A survey of students revealed that $30\ \%$ of them have a part-time job. If $5$ students are chosen at random what is the probability of the following events: That less than $2$ have part time work? More than $3$ are working part-time? None have a part-time job?
This is a question from a mock exam paper as I prepare for exams.
I guess I could start by imagining a number of $1000$ college students surveyed with 300 having part-time jobs.
so for part (i) -> $(30/100)(70/100)(70/100)(70/100)(70/100) = 7\ \%$
That ain't right. Can someone shed some light on this?
As the 5 students are chosen at random, the probability for each of them of having a part-time job is still $30\ $%. It furthermore has to assumed that there is independence among the students.

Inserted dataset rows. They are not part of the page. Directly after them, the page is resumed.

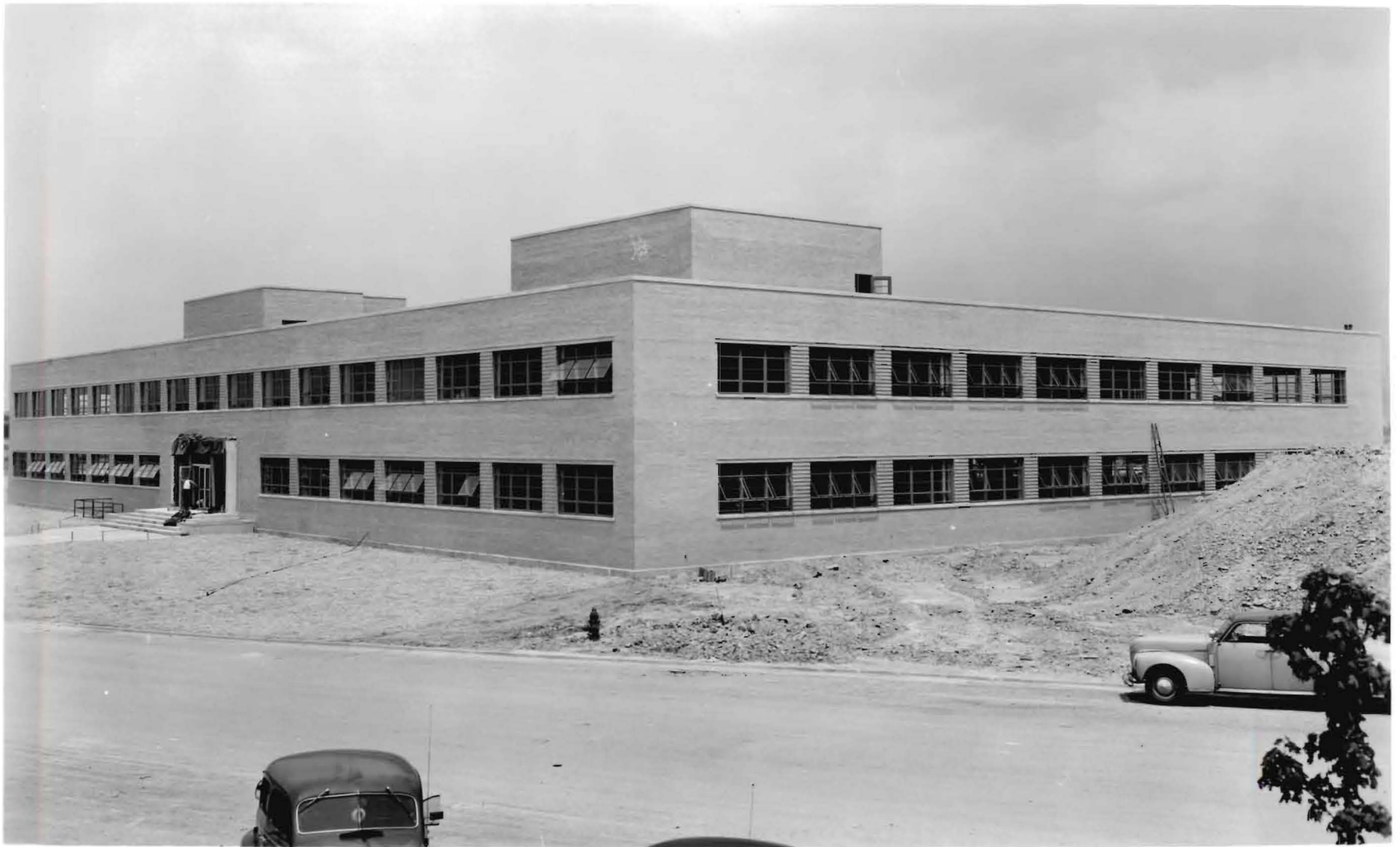
MATERIALS AND STRESSES RESEARCH LABORATORY Project No. 651

View looking northeast showing construction progress.
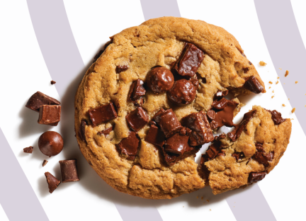
triple chocolate deluxe
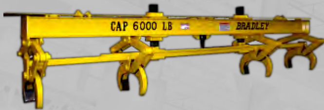
AUTOMATIC DIAMETER TONG
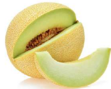
Melón Galia Galia melon
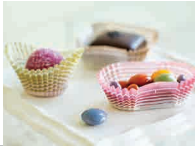
Luna Cake Boards

If you let $X$ be the random variable that equals the number of students among the 5 chosen that have a part-time job, then as Jean-Claude Arbaut points out in his comment, $X$ has the binomial distribution $\text{Bin}(5,0.3)$.
I'll show you how to find the probability of less than $2$ having a part-time job. Less than $2$ means at most $1$, and we have $$P(X<2) = P(X\leq 1) = P(X=1) + P(X=0) = \binom{5}{1}(0.3)^1(0.7)^4 + \binom{5}{0}(0.3)^0(0.7)^5.$$ Since $\binom{n}{k} = \frac{n!}{k!(n-k)!}$, we have $\binom{5}{1} = 5$ and $\binom{5}{0} = 1$. Also, $x^0 = 1$ for any $x>0$, and thus $$P(X<2) = 5(0.3)^1(0.7)^4 + (0.7)^5.$$ This turns out to be approximately $52.8\ $%.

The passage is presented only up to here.